(Dataset entries)
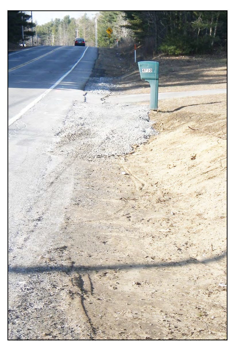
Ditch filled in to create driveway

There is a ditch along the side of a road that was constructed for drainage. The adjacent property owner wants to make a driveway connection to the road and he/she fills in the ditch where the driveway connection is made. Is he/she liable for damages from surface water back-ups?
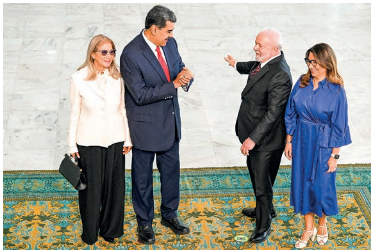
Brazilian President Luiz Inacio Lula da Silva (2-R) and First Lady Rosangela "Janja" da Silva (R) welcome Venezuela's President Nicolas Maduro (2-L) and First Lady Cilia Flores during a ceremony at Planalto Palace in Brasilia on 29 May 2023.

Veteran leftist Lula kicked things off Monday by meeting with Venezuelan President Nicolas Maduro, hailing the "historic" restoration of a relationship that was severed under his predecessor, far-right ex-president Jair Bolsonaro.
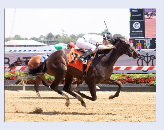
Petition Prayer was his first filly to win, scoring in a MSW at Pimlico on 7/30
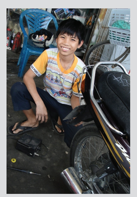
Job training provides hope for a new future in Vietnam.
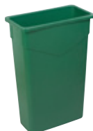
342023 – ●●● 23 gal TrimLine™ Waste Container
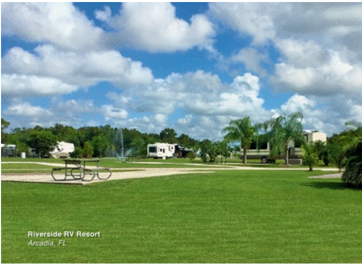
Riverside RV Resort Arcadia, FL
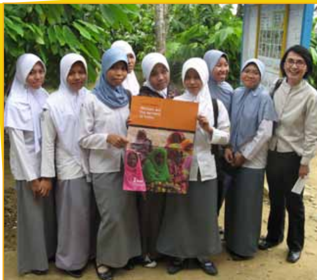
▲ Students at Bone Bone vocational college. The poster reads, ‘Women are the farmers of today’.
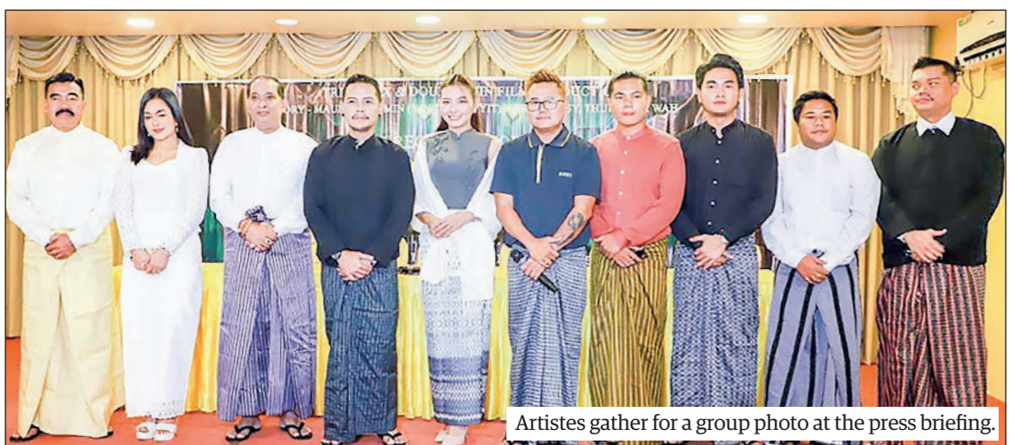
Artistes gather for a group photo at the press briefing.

[What this task involves]:
Your answer should be a single number: how many lines in the data above include "driveway"?

[Answer box]:
2